You live-trap, anesthetize, and measure one hundred forty-three black bears. The measurements are total length and head length (Length, Head.L), total weight and head weight (Weight, Head.W), and neck girth and chest girth (Neck.G, Chest.G). You wish to classify these 143 bears as small, medium-sized, or large bears. You know that the second, seventy-eighth, and fifteenth bears in the sample are typical of the three respective categories. First, you create an initial partition column with the three seed bears designated as 1 = small, 2 = medium-sized, 3 = large, and with the remaining bears as 0 (unknown) to indicate initial cluster membership. Then you perform K-means clustering and store the cluster membership in a column named BearSize.
1 Open the worksheet BEARS.MTW.
2 To create the initial partition column, choose Calc > Make Patterned Data > Simple Set of Numbers.
3 In Store patterned data in, enter Initial for the storage column name.
4 In both From first value and From last value, enter 0.
5 In List each value, enter 143. Click OK.
6 Go to the Data window and enter 1, 2, and 3 in the second, seventy-eighth, and fifteenth rows, respectively, of the column named Initial.
7 Choose Stat > Multivariate > Cluster K-Means.
8 In Variables, enter 'Head.L'-Weight.
9 Under Specify Partition by, choose Initial partition column and enter Initial.
10 Check Standardize variables.
11 Click Storage. In Cluster membership column, enter BearSize.
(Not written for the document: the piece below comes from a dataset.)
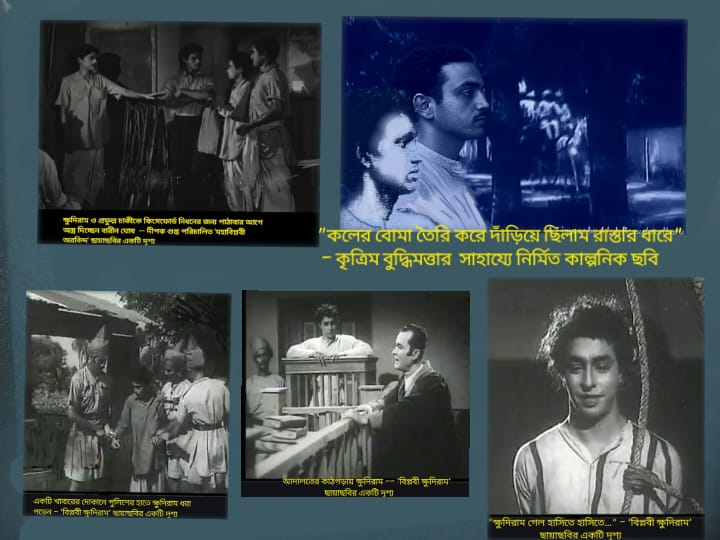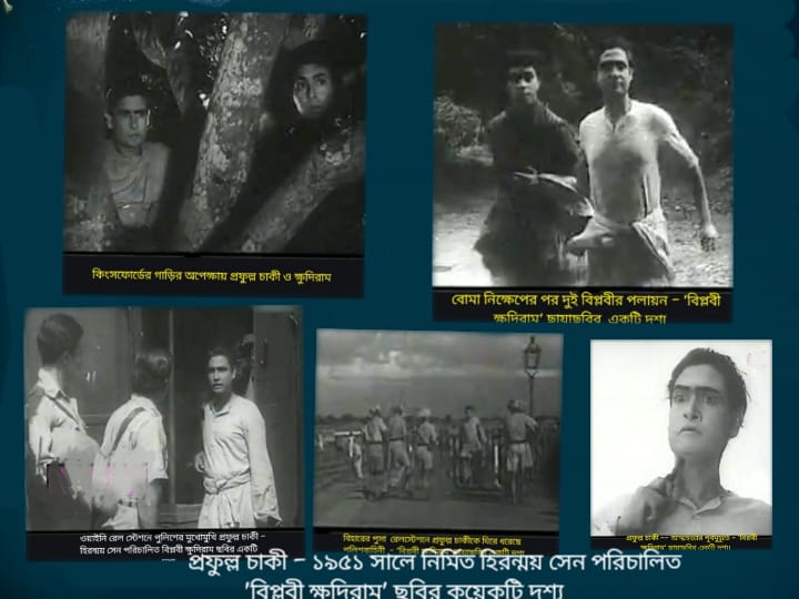 নিচে : (১) রেল স্টেশনে পুলিশের মুখোমুখি প্রফুল্ল চাকী (২) বিহারের পুশা রেল স্টেশনে প্রফুল্ল চাকীকে ঘিরে পুলিশবাহিনী (৩) চলচ্চিত্রে প্রফুল্ল চাকীর চরিত্রাভিনেতা

12 Click OK in each dialog box.
Session window output
K-means Cluster Analysis: Head.L, Head.W, Neck.G, Length, Chest.G, Weight
Standardized Variables
Final Partition
Number of clusters: 3
Within Average Maximum cluster distance distance Number of sum of from from observations squares centroid centroid Cluster1 41 63.075 1.125 2.488 Cluster2 67 78.947 0.997 2.048 Cluster3 35 65.149 1.311 2.449
Cluster Centroids
Grand Variable Cluster1 Cluster2 Cluster3 centroid Head.L -1.0673 0.0126 1.2261 -0.0000 Head.W -0.9943 -0.0155 1.1943 0.0000 Neck.G -1.0244 -0.1293 1.4476 -0.0000 Length -1.1399 0.0614 1.2177 0.0000 Chest.G -1.0570 -0.0810 1.3932 -0.0000 Weight -0.9460 -0.2033 1.4974 -0.0000
Distances Between Cluster Centroids
Cluster1 Cluster2 Cluster3 Cluster1 0.0000 2.4233 5.8045 Cluster2 2.4233 0.0000 3.4388 Cluster3 5.8045 3.4388 0.0000 |
K-means clustering classified the 143 bears as 41 small bears, 67 medium-size bears, and 35 large bears. Minitab displays, in the first table, the number of observations in each cluster, the within cluster sum of squares, the average distance from observation to the cluster centroid, and the maximum distance of observation to the cluster centroid. In general, a cluster with a small sum of squares is more compact than one with a large sum of squares. The centroid is the vector of variable means for the observations in that cluster and is used as a cluster midpoint.
The centroids for the individual clusters are displayed in the second table while the third table gives distances between cluster centroids.
The column BearSize contains the cluster designations.